Task goal:
Below is a block of entries; repeat exactly the lines starting at the line that contains "famous conchologist G." and ending at the line that contains "Fig. 3 Adhesion with Colon", both included.

Excerpted records:
# # # # #

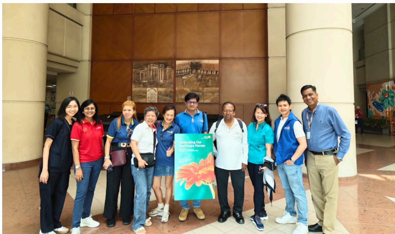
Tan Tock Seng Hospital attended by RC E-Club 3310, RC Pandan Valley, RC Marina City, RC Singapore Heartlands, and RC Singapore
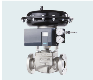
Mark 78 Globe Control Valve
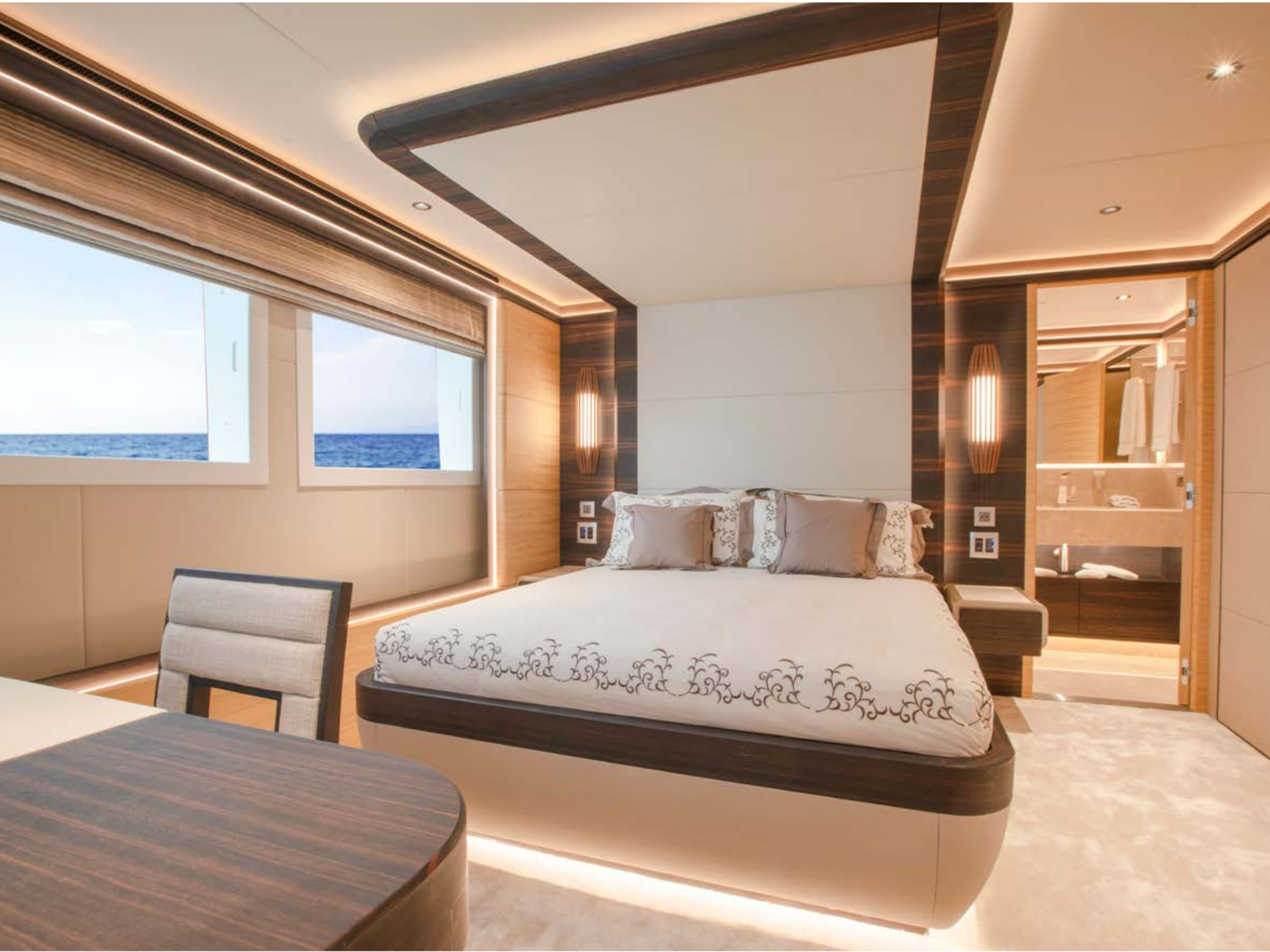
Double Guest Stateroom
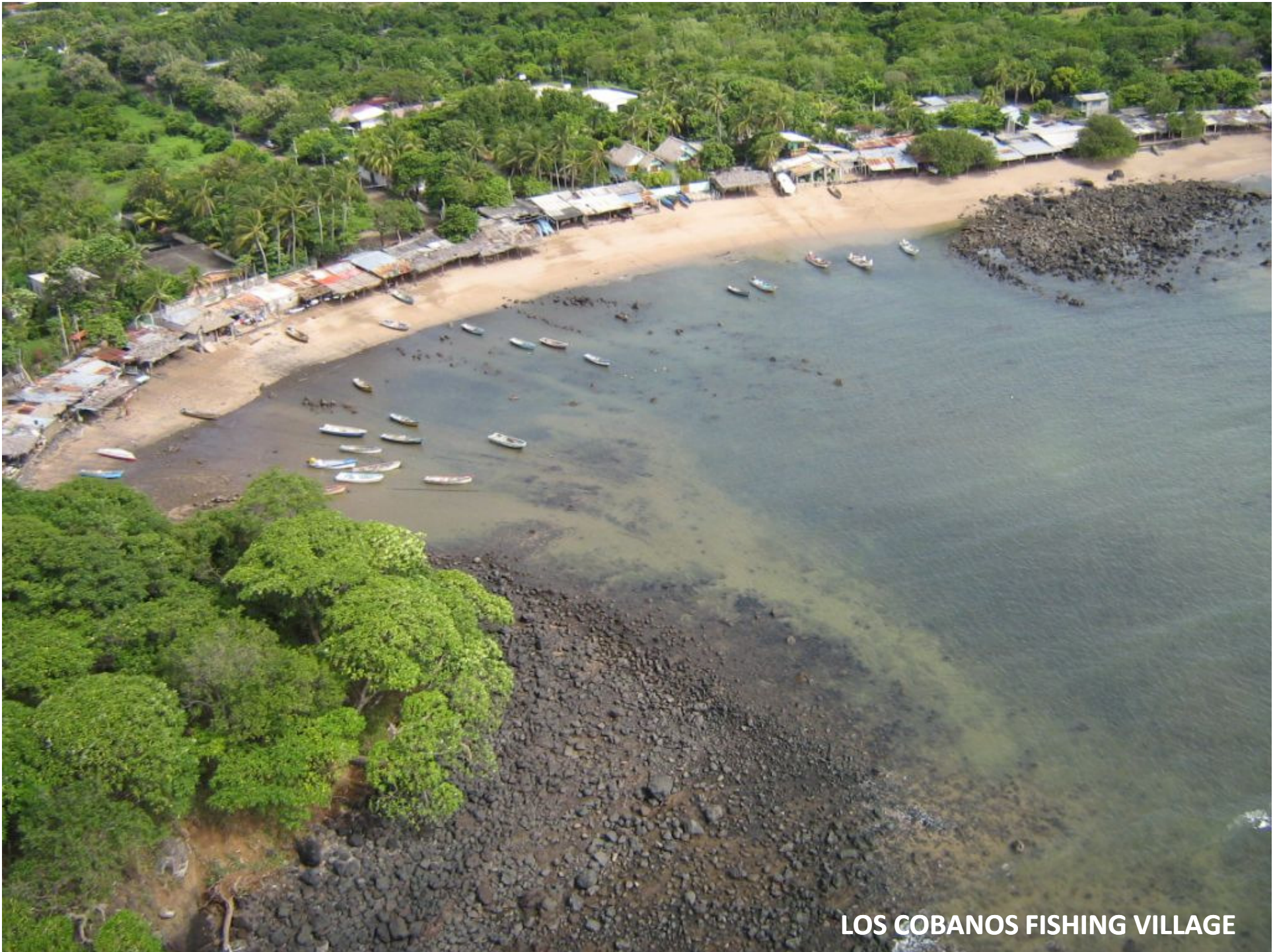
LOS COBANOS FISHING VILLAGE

# # # # #

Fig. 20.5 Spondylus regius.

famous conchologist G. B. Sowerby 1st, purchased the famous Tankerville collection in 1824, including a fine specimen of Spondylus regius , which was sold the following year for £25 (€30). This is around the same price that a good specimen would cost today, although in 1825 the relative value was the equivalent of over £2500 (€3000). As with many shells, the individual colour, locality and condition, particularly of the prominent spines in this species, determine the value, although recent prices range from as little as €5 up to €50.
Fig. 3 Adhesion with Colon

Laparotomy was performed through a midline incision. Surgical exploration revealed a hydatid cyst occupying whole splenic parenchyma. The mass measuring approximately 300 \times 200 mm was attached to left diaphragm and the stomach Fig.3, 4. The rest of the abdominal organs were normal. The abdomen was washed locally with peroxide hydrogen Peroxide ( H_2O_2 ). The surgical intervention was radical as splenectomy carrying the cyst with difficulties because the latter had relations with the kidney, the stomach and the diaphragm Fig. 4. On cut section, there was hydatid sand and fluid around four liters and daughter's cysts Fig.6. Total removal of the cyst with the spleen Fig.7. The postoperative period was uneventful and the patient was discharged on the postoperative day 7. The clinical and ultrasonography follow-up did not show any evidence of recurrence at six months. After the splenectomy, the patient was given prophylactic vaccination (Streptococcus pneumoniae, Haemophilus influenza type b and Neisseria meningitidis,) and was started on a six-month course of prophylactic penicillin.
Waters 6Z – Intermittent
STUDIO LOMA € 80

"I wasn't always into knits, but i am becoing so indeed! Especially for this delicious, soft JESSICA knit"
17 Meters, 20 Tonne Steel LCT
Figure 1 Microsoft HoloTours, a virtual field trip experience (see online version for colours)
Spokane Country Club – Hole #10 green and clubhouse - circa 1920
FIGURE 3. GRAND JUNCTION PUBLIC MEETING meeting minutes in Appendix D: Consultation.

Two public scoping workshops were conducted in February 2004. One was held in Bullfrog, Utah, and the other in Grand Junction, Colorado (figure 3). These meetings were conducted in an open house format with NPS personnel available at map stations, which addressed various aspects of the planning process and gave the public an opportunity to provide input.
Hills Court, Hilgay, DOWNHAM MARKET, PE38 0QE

# # # # #

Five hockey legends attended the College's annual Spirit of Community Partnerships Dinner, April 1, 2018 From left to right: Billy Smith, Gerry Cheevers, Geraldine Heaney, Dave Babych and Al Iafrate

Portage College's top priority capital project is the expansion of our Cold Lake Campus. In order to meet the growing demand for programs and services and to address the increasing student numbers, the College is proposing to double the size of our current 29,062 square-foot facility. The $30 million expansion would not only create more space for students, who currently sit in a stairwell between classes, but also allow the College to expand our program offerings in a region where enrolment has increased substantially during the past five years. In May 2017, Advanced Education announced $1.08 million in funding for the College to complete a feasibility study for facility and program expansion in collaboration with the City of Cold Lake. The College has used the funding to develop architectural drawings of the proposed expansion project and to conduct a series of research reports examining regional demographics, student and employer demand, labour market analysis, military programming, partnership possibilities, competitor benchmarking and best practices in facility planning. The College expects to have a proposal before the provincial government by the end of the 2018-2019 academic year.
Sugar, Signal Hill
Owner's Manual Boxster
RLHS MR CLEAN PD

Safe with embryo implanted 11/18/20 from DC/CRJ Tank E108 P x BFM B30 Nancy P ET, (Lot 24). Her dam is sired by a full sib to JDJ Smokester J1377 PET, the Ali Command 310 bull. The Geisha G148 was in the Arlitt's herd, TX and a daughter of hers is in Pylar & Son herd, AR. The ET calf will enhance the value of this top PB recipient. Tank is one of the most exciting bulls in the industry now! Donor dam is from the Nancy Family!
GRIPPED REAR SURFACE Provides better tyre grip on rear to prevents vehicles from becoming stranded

# # # # #

Task answer:
famous conchologist G. B. Sowerby 1st, purchased the famous Tankerville collection in 1824, including a fine specimen of Spondylus regius , which was sold the following year for £25 (€30). This is around the same price that a good specimen would cost today, although in 1825 the relative value was the equivalent of over £2500 (€3000). As with many shells, the individual colour, locality and condition, particularly of the prominent spines in this species, determine the value, although recent prices range from as little as €5 up to €50.
Fig. 3 Adhesion with Colon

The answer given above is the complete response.